* Description of the task *
Using the listing below, print the line containing "Главачек Поліна, учениця", the line containing "You won’t blend", and each line between them, exactly and nothing else. Pictures stay out of the print.

* Records provided *
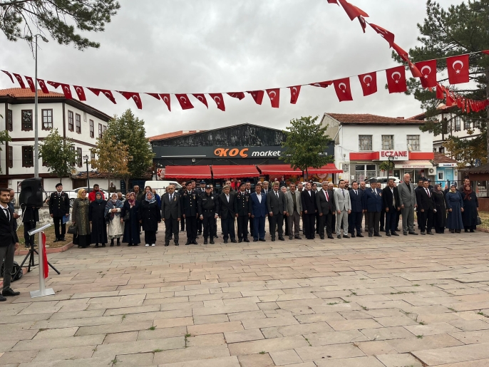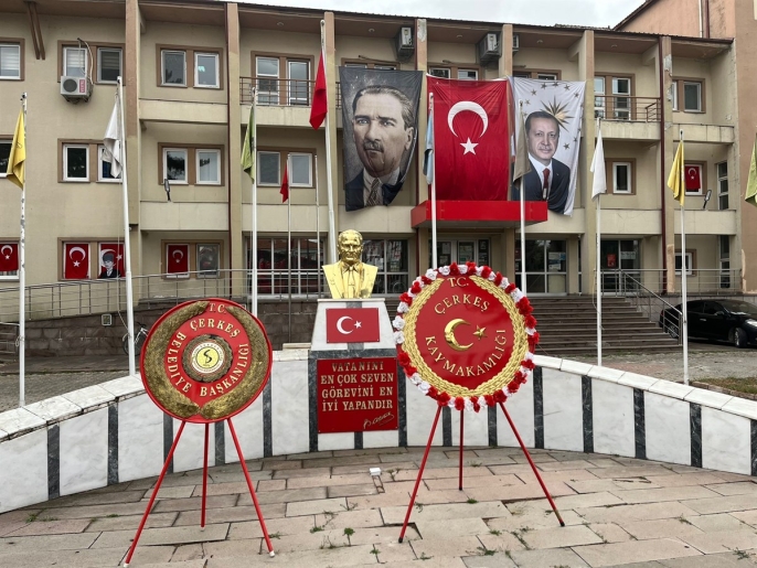 Çerkeş Hükümet Konağı önünde düzenlenen törende, Atatürk Anıtı'na çelenk sunulmasının ardından saygı duruşunda bulunuldu, İstiklal Marşı okundu.
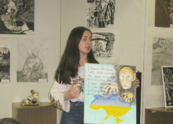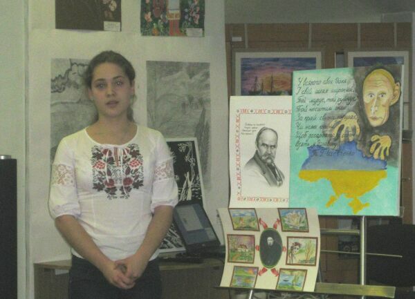 Главачек Поліна, учениця 9 класу Броварської ЗОШ І-ІІІ ст. № 9, представила малюнок про сьогодення України на основі творів Кобзаря;
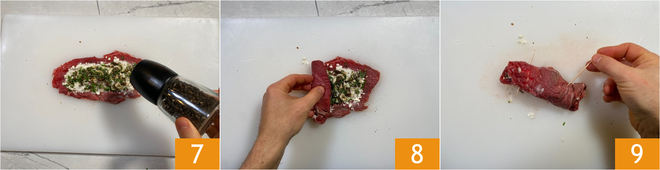 Fügen Sie eine Prise schwarzen Pfeffer hinzu 7. Rollen Sie es auf der kurzen Seite so: Schlagen Sie die Enden nach innen, dann rollen Sie das Fleisch 8 und befestigen Sie die Rouladen mit Zahnstocher, zwei an den Seiten 9 und einen in der Mitte 9.<\/p>
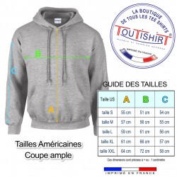 Sweat à capuche gris chiné, poche ventrale coupe homme 50% coton / 50% polyester.
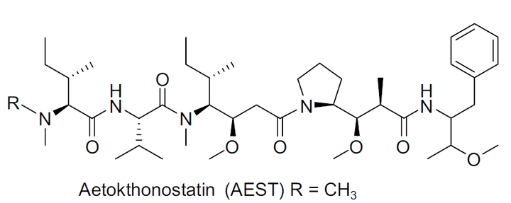 第 2、3 个问题可能永远也不会知道了。不仅如此,后续研究反而带来了新的问题。因为这种蓝藻不仅产生杀鹰毒素这一种毒素,还会产生杀鹰抑素(aetokthonostatin)。杀鹰抑素是海兔毒素(dolastatin)的类似物,可以结合微管蛋白,破坏微管动态平衡,从而产生比杀鹰毒素更强的细胞毒性。那么杀鹰抑素和 AVM 的关系又是新的问题。
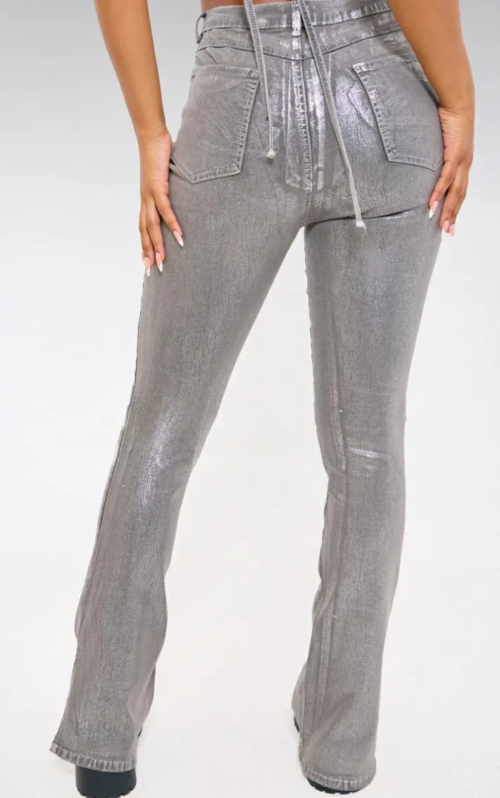 You won’t blend into a crowd with these silver metallic foil effect flared jeans. This silver metallic shade will have you reaching for these every weekend an beyond, and the foil effect detail has us obsessed. If you’re after a new figure-flattering addition, these flared jeans are calling your name. Style with the matching top, black boots and a shoulder bag for a look we’re in love with.
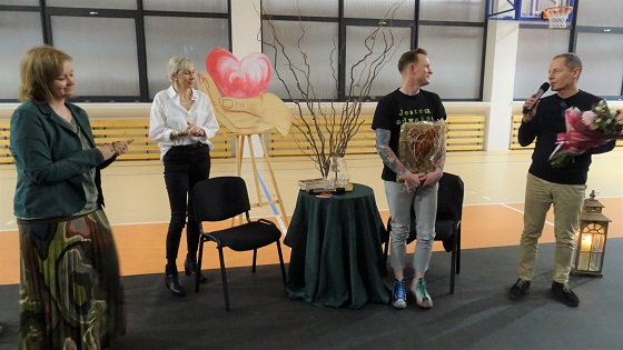 Na zakończenie goście spotkania od kierownictwa szkoły otrzymali upominki i kwiaty, także szefowa chojnickiego WTZ Joanna Warczak. Potem była okazja zakupić okolicznościowe wydawnictwa o ks. Janie, porozmawiać z jego „uczniem”, który w czasie spotkania z chojniczanami miał założoną koszulkę, którą wcześniej nosił ks. Jan, z napisem „Jestem odważny i dziki”.

* Task result *
 Главачек Поліна, учениця 9 класу Броварської ЗОШ І-ІІІ ст. № 9, представила малюнок про сьогодення України на основі творів Кобзаря;
 Fügen Sie eine Prise schwarzen Pfeffer hinzu 7. Rollen Sie es auf der kurzen Seite so: Schlagen Sie die Enden nach innen, dann rollen Sie das Fleisch 8 und befestigen Sie die Rouladen mit Zahnstocher, zwei an den Seiten 9 und einen in der Mitte 9.<\/p>
 Sweat à capuche gris chiné, poche ventrale coupe homme 50% coton / 50% polyester.
 第 2、3 个问题可能永远也不会知道了。不仅如此,后续研究反而带来了新的问题。因为这种蓝藻不仅产生杀鹰毒素这一种毒素,还会产生杀鹰抑素(aetokthonostatin)。杀鹰抑素是海兔毒素(dolastatin)的类似物,可以结合微管蛋白,破坏微管动态平衡,从而产生比杀鹰毒素更强的细胞毒性。那么杀鹰抑素和 AVM 的关系又是新的问题。
 You won’t blend into a crowd with these silver metallic foil effect flared jeans. This silver metallic shade will have you reaching for these every weekend an beyond, and the foil effect detail has us obsessed. If you’re after a new figure-flattering addition, these flared jeans are calling your name. Style with the matching top, black boots and a shoulder bag for a look we’re in love with.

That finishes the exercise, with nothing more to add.